Termasuk ke dalam klasifikasi zodiak apakah rentang kelahiran di bulan Oktober ini?

Seseorang yang secara istimewa lahir pada rentang periode di sekitar tanggal 17 Oktober ini dipastikan akan berada kokoh pada naungan konstelasi zodiak Libra ♎. Mereka yang memegang lambang zodiak ini diyakini memiliki karakter inti yang senantiasa didorong oleh kekuatan elemen Udara.

Apa shio yang mengendalikan dan memayungi perjalanan sepanjang siklus tahun 2030 ini?

Bagi orang-orang yang kelahirannya terjadi di sepanjang kemunculan tahun 2030 ini, mereka tergolong dan diakui memiliki simbol identitas shio Anjing 🐶. Penentuan lambang shio ini sejatinya secara teratur bekerja dan berotasi berdasarkan siklus perputaran 12 lambang hewan di dalam ilmu astrologi tradisional Tionghoa.

Bagaimana rincian kalkulasi total jumlah hitungan neptu untuk weton Jawa Kamis Pon?

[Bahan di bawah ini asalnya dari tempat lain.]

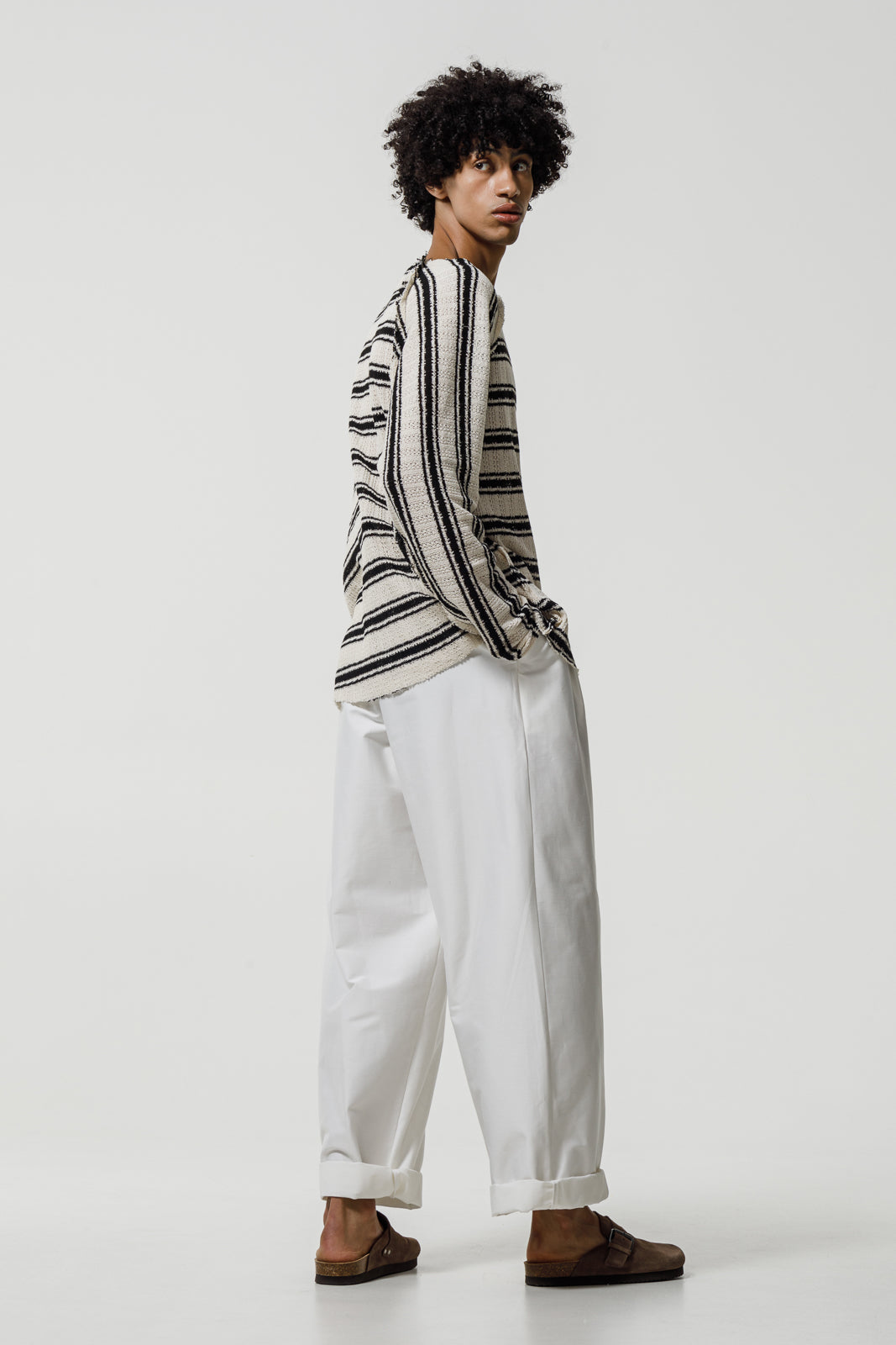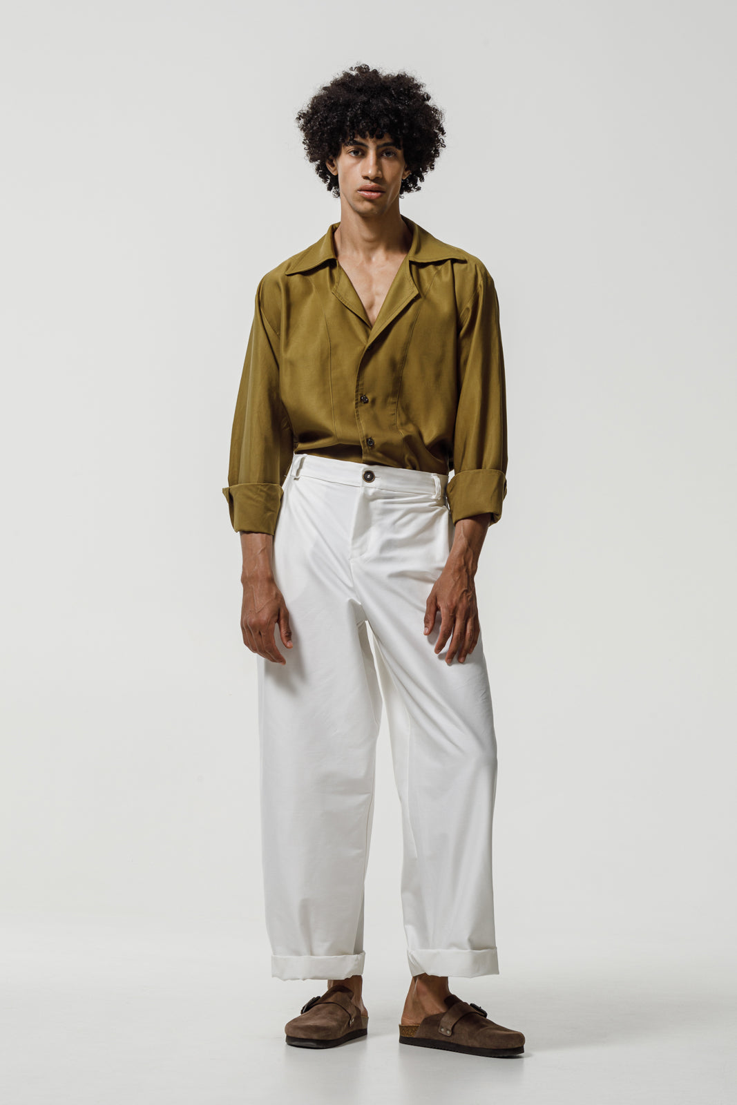 Glide through your pre-fall edits with these relaxed-fit white trousers, styled for both precision and ease. Made in Greece from 100 % cotton, they marry breezy comfort with a clean, elevated silhouette. Whether paired with layered jackets or statement shirts, they bring aerodynamic sophistication to any ensemble.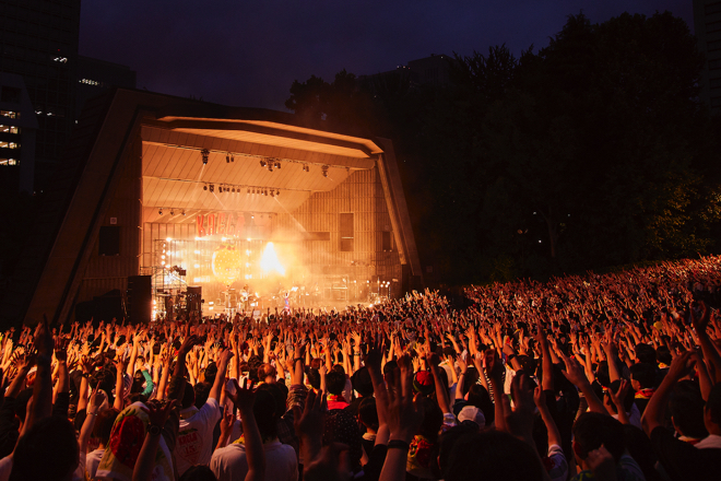 ヘヴィーなロックナンバー「TREE CLIMBERS」で会場の熱気をあげると、野音はライブハウスのような様相となり、「Yellow」では観客は拳を突き上げながらジャンプし、「Circle」では色とりどりのタオルが回され、「BEAT」ではカエラがエレキギターをかき鳴らして熱狂させた。

Berdasarkan rumusan kalkulasi ilmu luhur kuno yang tertuang di dalam kitab kalender Primbon Jawa, jumlah akumulasi neptu keseluruhan untuk weton Kamis Pon tersebut adalah sebesar 15. Nilai akhir skor peruntungan ini sejatinya didapatkan dengan cara menjumlahkan besaran nilai urip pakem dari komponen hari Kamis (yakni sebesar 8) dengan rincian nilai sakral dari komponen pasaran Pon (yakni sebesar 7).